The AG’s decision to provide reasons for withdrawing cases is a significant step toward achieving this trust. Transparency in such decisions is not just a matter of procedural formality; it is a cornerstone of a functioning democracy. When the AG provides reasons, it opens the door for legal scrutiny, academic analysis, and public discourse. These reasons become a springboard for deeper examination, allowing legal scholars, practitioners, and students to assess the propriety of the decision. Such scrutiny is vital for ensuring that the AG’s powers are exercised responsibly and in the public interest.
Moreover, the provision of reasons sets a precedent for future cases. It creates a body of reasoning that can be studied, debated, and refined over time. This, in turn, enriches our jurisprudence, particularly in areas such as corruption and nepotism, where transparency is often lacking. By unmasking the rationale behind legal decisions, we can confront the systemic issues that plague our justice system and work toward meaningful reform.
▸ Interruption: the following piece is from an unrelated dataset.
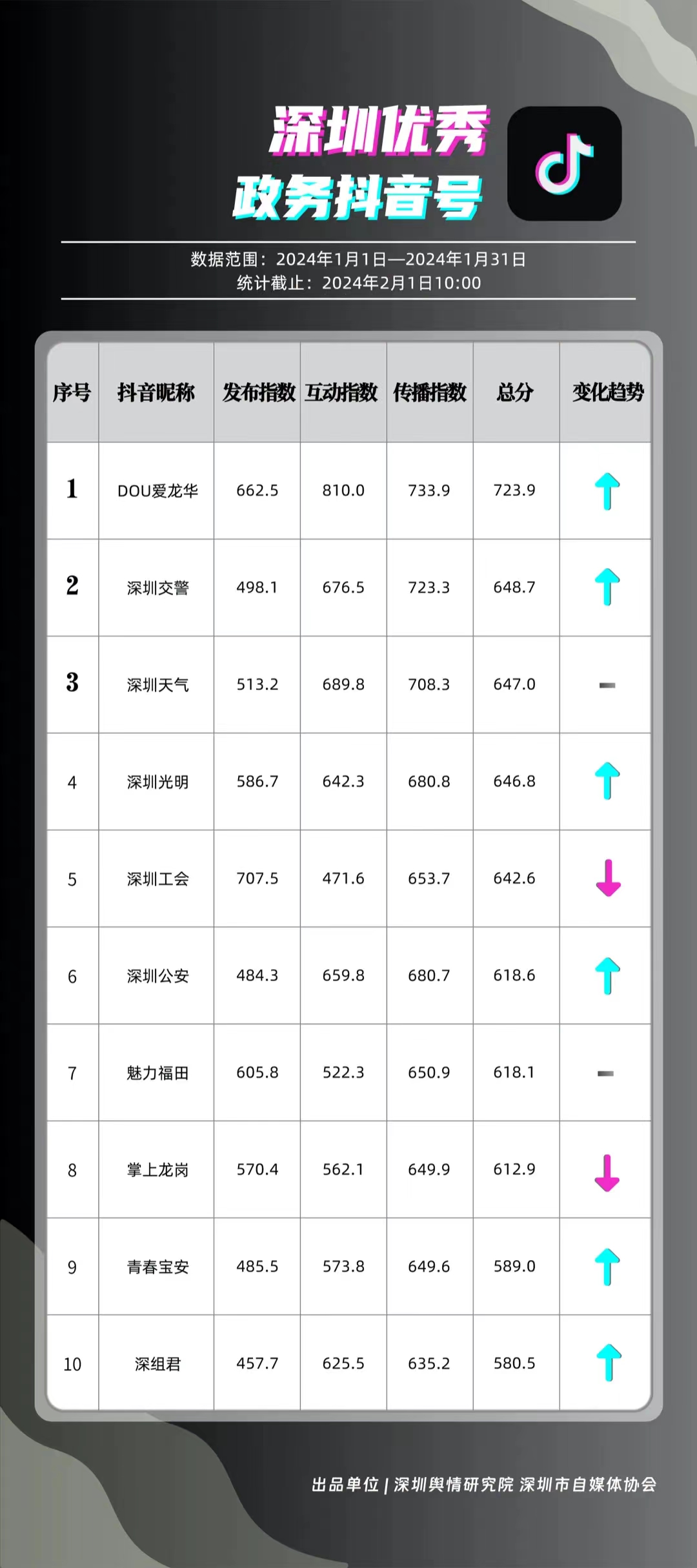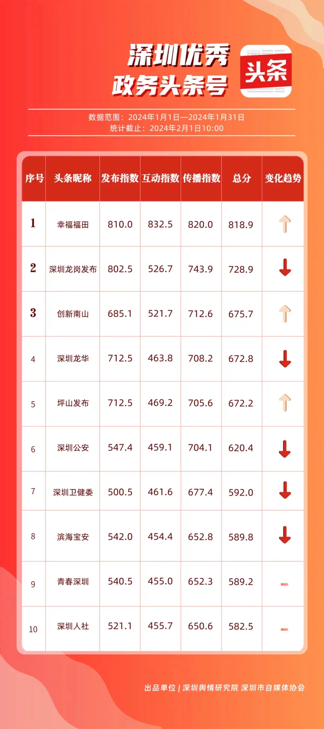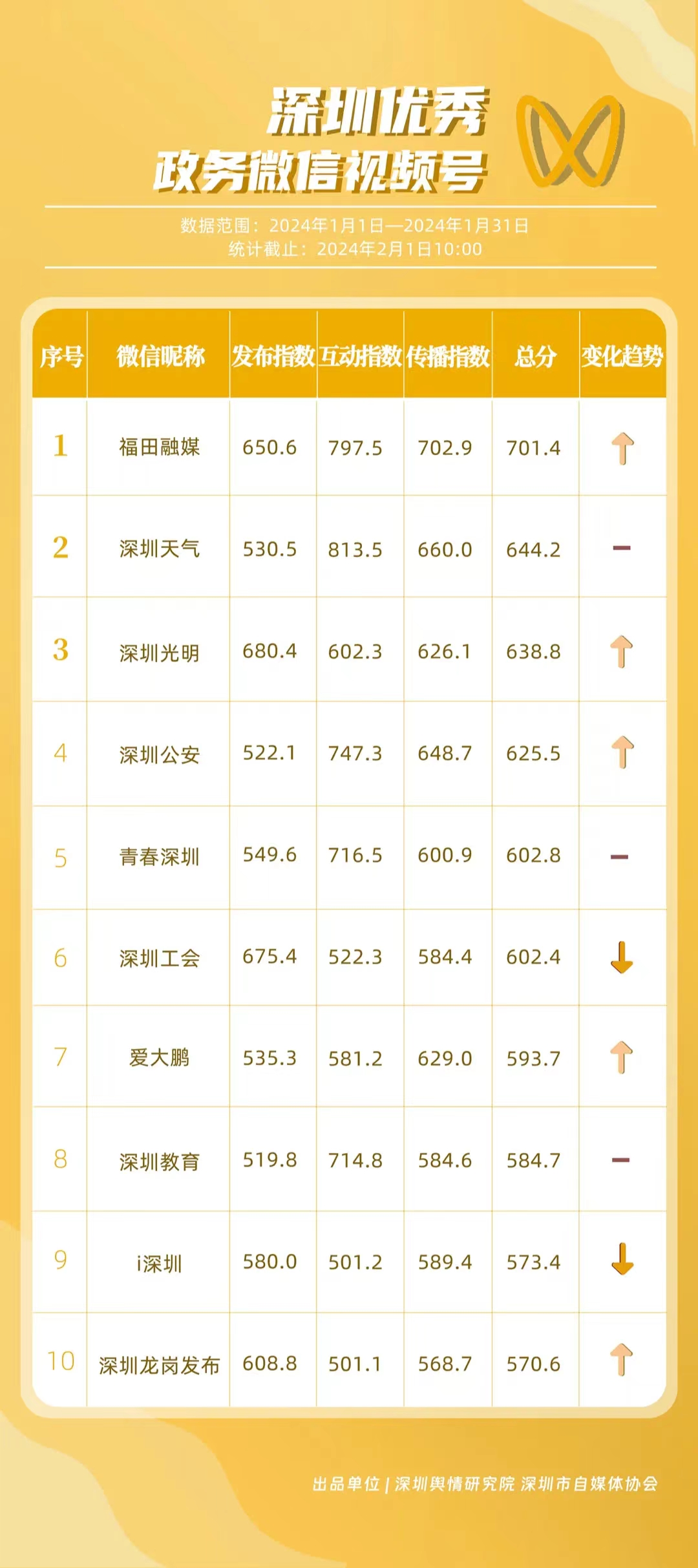 深圳新聞網(wǎng)2月9日訊(記者 陳曉君 實習生 張馳)2月8日,深圳輿情研究院、深圳市自媒體協(xié)會聯(lián)合推出《深圳優(yōu)秀政務新媒體矩陣》(2024年1月期),市衛(wèi)生健康委、市氣象局、福田區(qū)、光明區(qū)、龍崗區(qū)、龍華區(qū)、市公安局、市應急管理局、市交通警察局、羅湖區(qū)的新媒體矩陣獲評“深圳優(yōu)秀政務新媒體矩陣”。這些矩陣在內(nèi)容發(fā)布、受眾互動和信息傳播方面取得了較好成績,并在深圳政務新媒體規(guī)范有序發(fā)展進程中發(fā)揮著積極作用。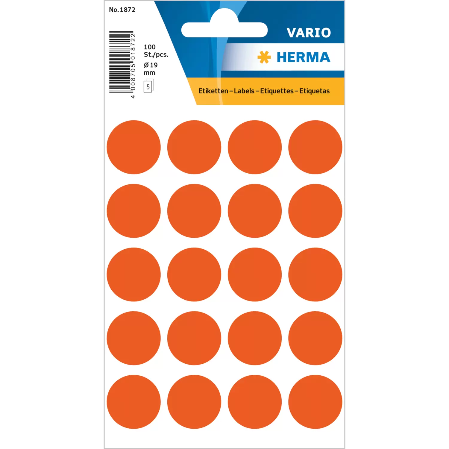 Étiquettes universelles, Ø 19 mm, rondes, rouges, permanentes, inscription manuelle

Critics may argue that providing reasons could expose the AG to unnecessary criticism or political pressure. However, this concern is outweighed by the benefits of transparency. The AG, as a public official, must be accountable to the people they serve. Providing reasons for their decisions demonstrates a commitment to accountability and reinforces the principle that no one is above the law.
I commend the AG for taking this bold step. It is a move that aligns with the principles of justice and fairness, and it sets a positive example for future holders of the office. I urge legal academics, practitioners, and students of the law to closely examine the reasons provided by the AG. Such analysis will not only determine the propriety of the decision but also contribute to the ongoing evolution of our legal system.
In conclusion, the law should not be a shield for opacity. It should be a tool for promoting justice, transparency, and accountability. The AG’s decision to provide reasons for withdrawing cases is a welcome departure from the status quo, and it is my hope that this practice will become the norm rather than the exception. Let us embrace this opportunity to strengthen our legal system and ensure that it serves the interests of all.